Task brief: Look below for the line with "Steingutfliesen (Keramik) aus" and the line with "2、在我的頁(yè)面,找到". Copy exactly those two lines and every line between, but not the pictures.

Records supplied:
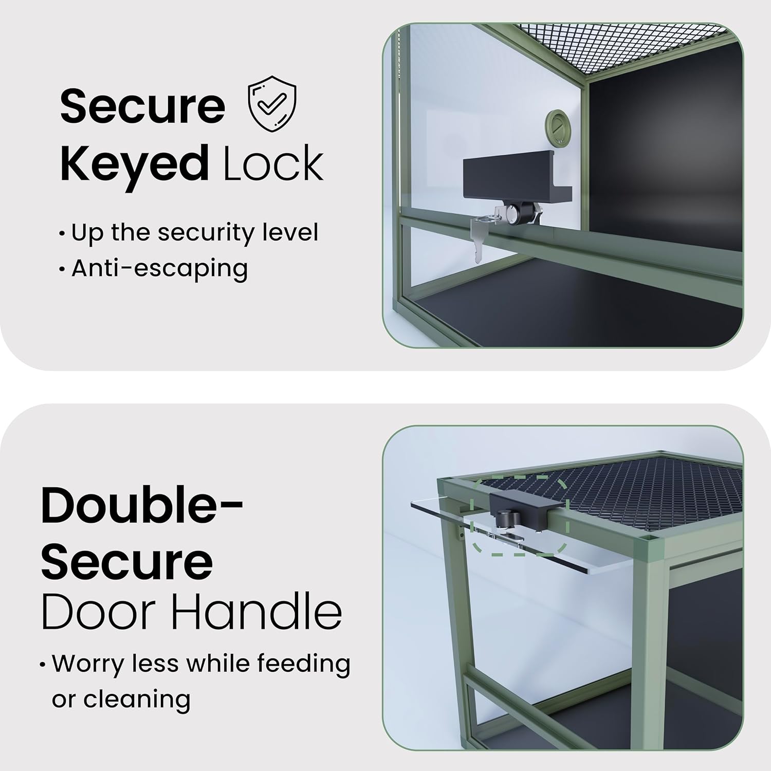 - 【Lock Included】A tempered glass door with a safety keyed lock to prevent escape and accidental opening by others. NO GAPS FOR ESCAPING with fully closed structure. Rigid tempered glass doors for extra safety.
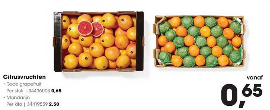 Met een per-stuk prijs van €0,65 voor de rode grapefruit en de mogelijkheid om mandarijnen te kopen voor €2,50 per kilo, zijn dit uitstekende aanbiedingen. Normaal gesproken zijn citrusvruchten vaak duurder, dus deze prijsverlaging is een kans die u niet wilt missen.
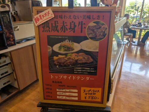 入ってすぐに目に入った看板にも「熟成赤身牛」と大きく書かれていたし、口コミで、ステーキが人気でお肉が美味しいとの情報を得ていたので、迷いはありません。
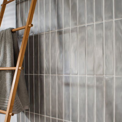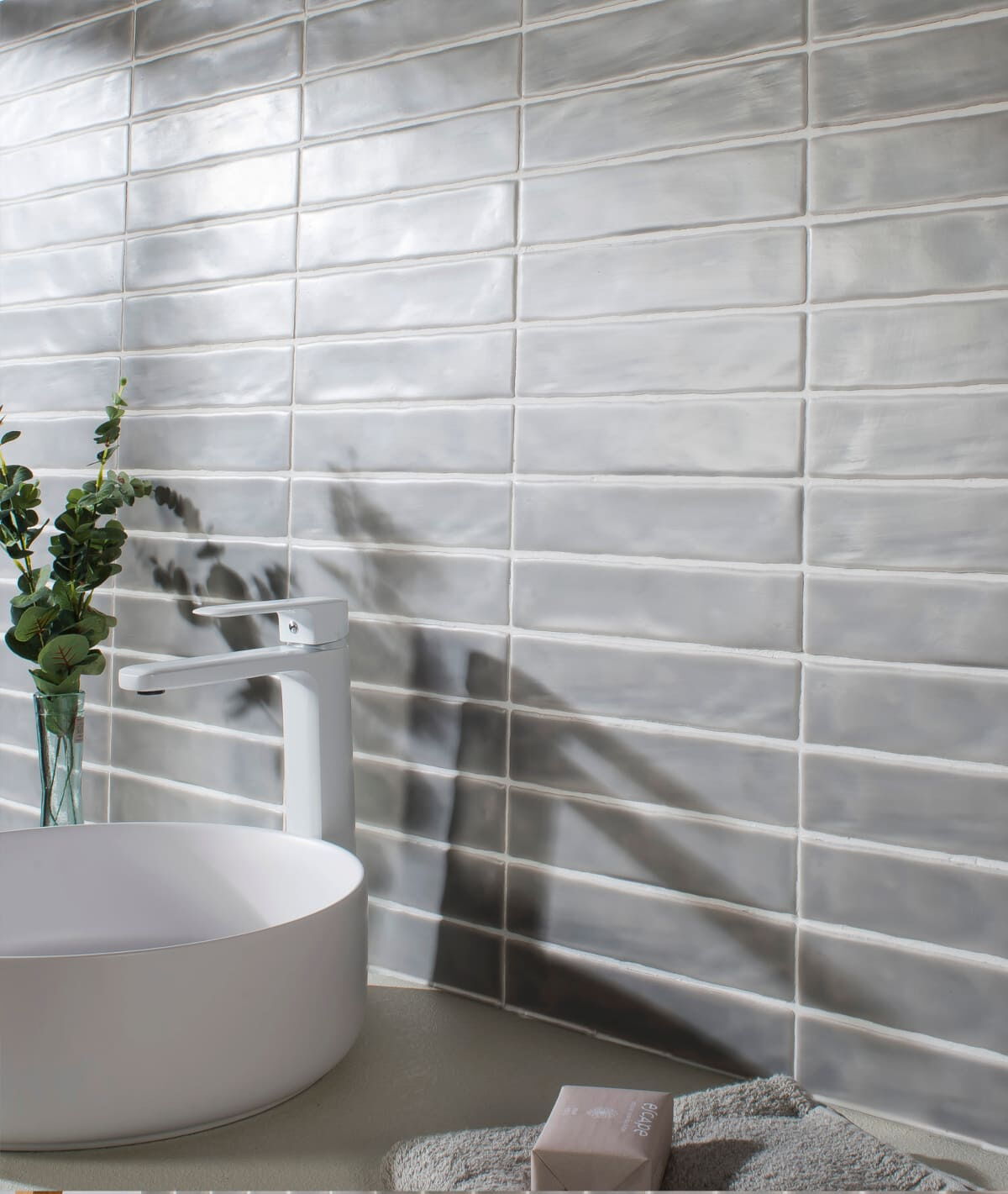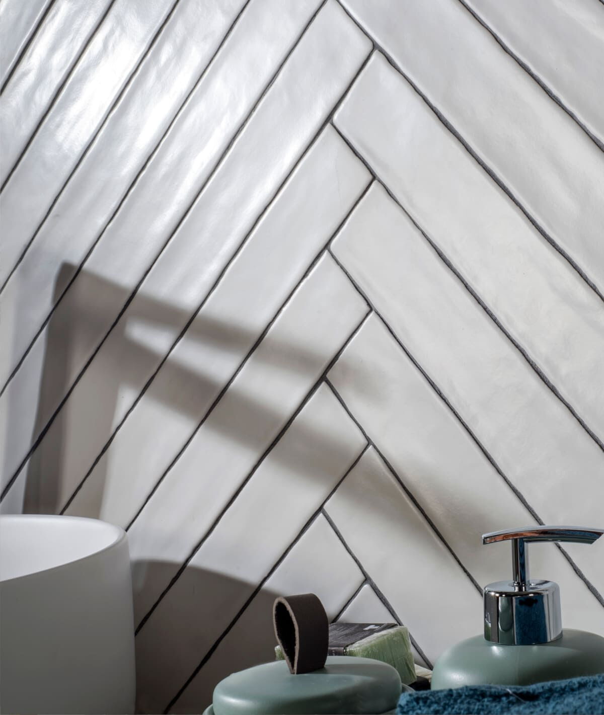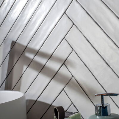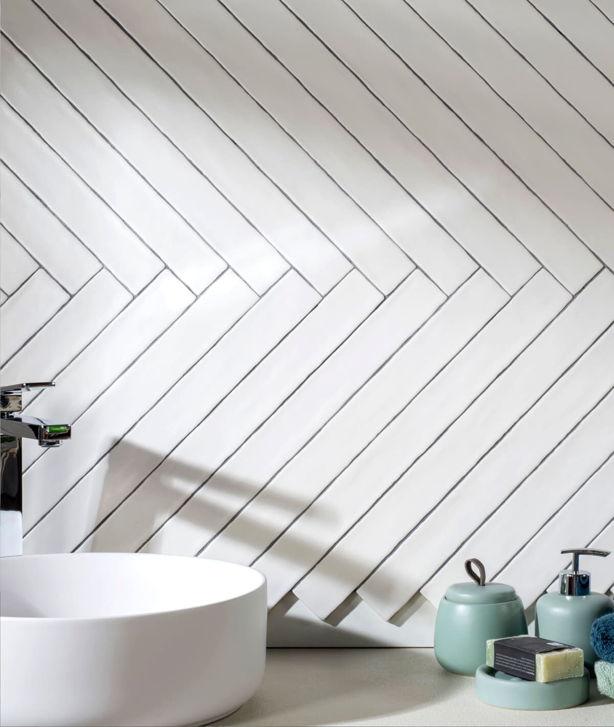 Steingutfliesen (Keramik) aus weißem Ton mit leicht unregelmäßigen Kanten. Seidenmatt glänzende Oberfläche, gebrannt im Doppelbrandverfahren mit natürlichen Glasuren. Trendiges Langformat 5x50 cm bzw. 5x25 cm. Vielseitige Gestaltungs- und Kombinationsmöglichkeiten. Diese Fliesen passen gut zu Terrakotta, Parkett oder Zementfliesen. Ideal für Küche und Bad im dezenten Vintage-Style. Geeignet für Innenräume im privaten und gewerblichen Bereich.
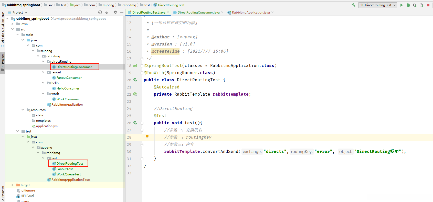 rabbitTemplate.convertAndSend("directs","error", "DirectRouting模型");
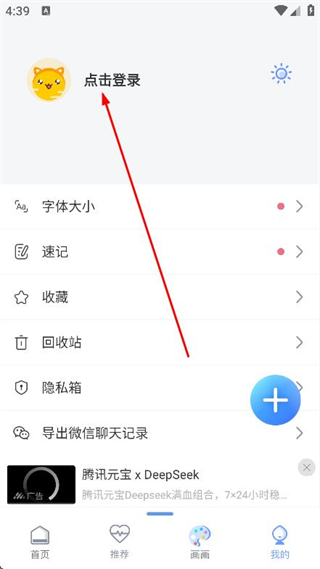 2、在我的頁(yè)面,找到并點(diǎn)擊上方的點(diǎn)擊登錄區(qū)域。
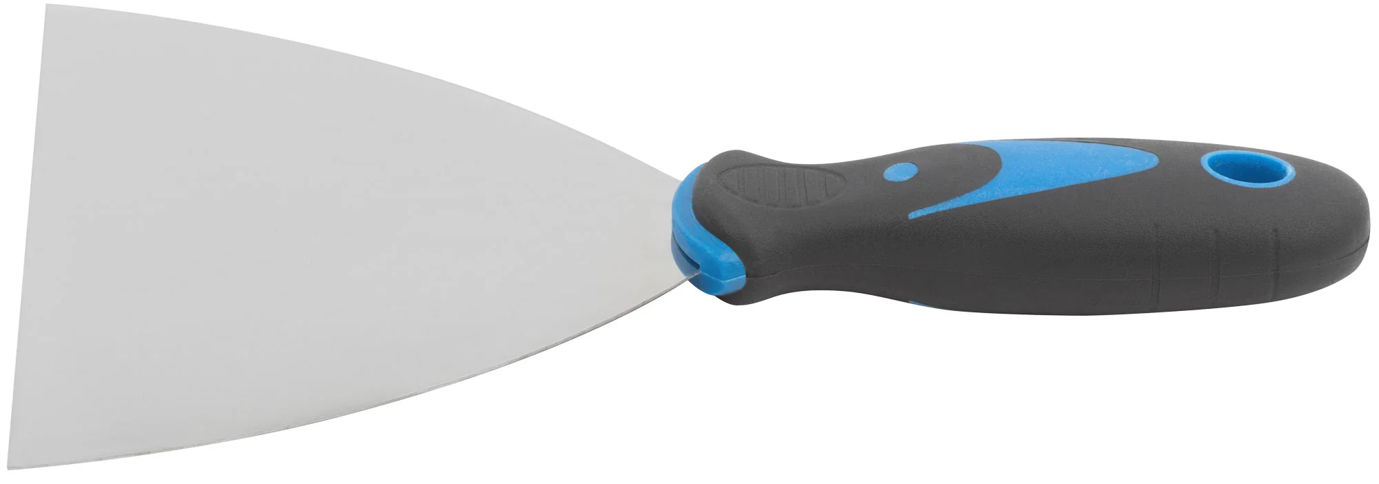 Шпатель оборудован комбинированной пластиковой и прорезиненной ручкой, которая обеспечивает удобный хват и снижает усталость рук при длительном использовании. Ширина лезвия 150 мм позволяет эффективно работать на больших поверхностях.
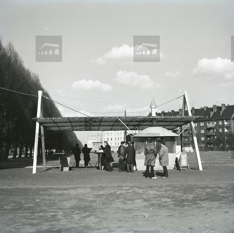 Jeden z placów w Lubinie, grupa osób przed kioskiem.
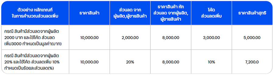 ** ตัวอย่าง หลักเกณฑ์ในการคำนวณส่วนลดเพิ่ม
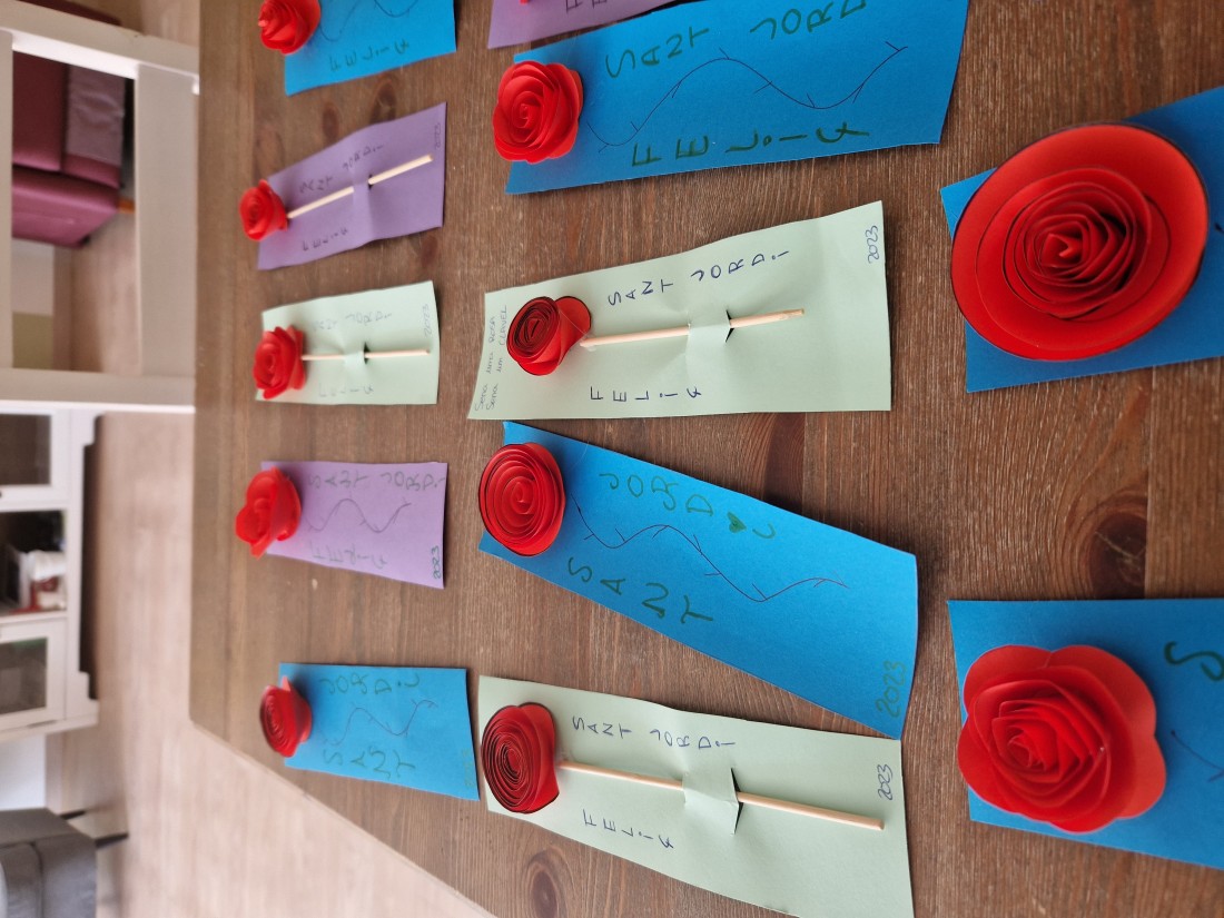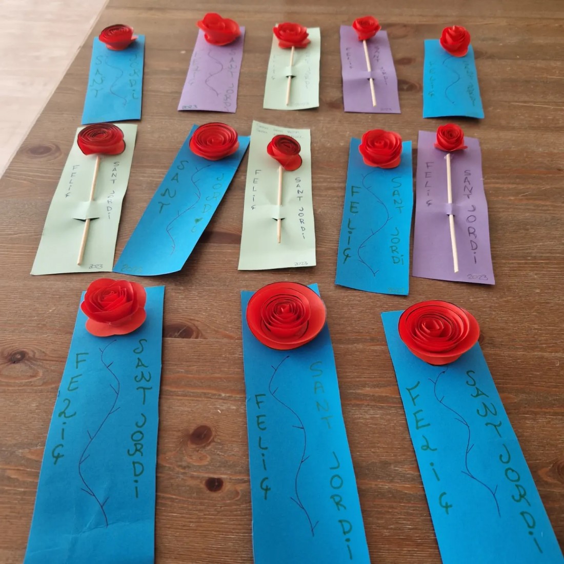 Avui repartim les roses de Sant Jordi entre totes les companyes. I ens les prenem cap a casa.
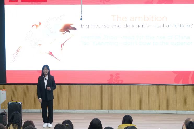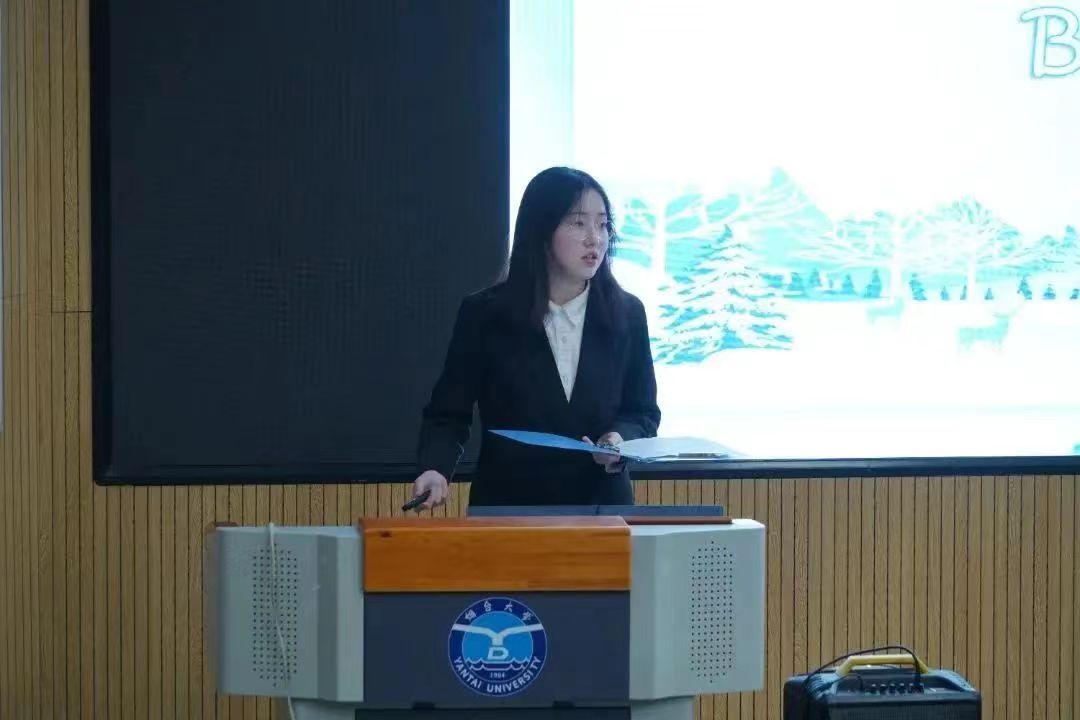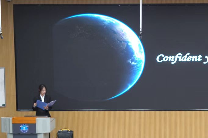 比赛伊始,两位主持人用中英双语的方式介绍了本次活动的流程、评委老师及到场嘉宾。接着,19位参赛选手按初赛排名顺序依次进行演讲。选手们落落大方,或风趣幽默,或慷慨激昂,用流利的英语绘声绘色地讲述着新时代十年的发展成就、中华优秀传统文化的魅力、新时代青年的志气、骨气、底气等话题。他们以今溯古,以古鉴今,尽情展现着青年学子坚定“四个自信”的风采。现场气氛更是十分热烈,博得了评委老师和同学们的阵阵掌声。

Output:
 Steingutfliesen (Keramik) aus weißem Ton mit leicht unregelmäßigen Kanten. Seidenmatt glänzende Oberfläche, gebrannt im Doppelbrandverfahren mit natürlichen Glasuren. Trendiges Langformat 5x50 cm bzw. 5x25 cm. Vielseitige Gestaltungs- und Kombinationsmöglichkeiten. Diese Fliesen passen gut zu Terrakotta, Parkett oder Zementfliesen. Ideal für Küche und Bad im dezenten Vintage-Style. Geeignet für Innenräume im privaten und gewerblichen Bereich.
 rabbitTemplate.convertAndSend("directs","error", "DirectRouting模型");
 2、在我的頁(yè)面,找到并點(diǎn)擊上方的點(diǎn)擊登錄區(qū)域。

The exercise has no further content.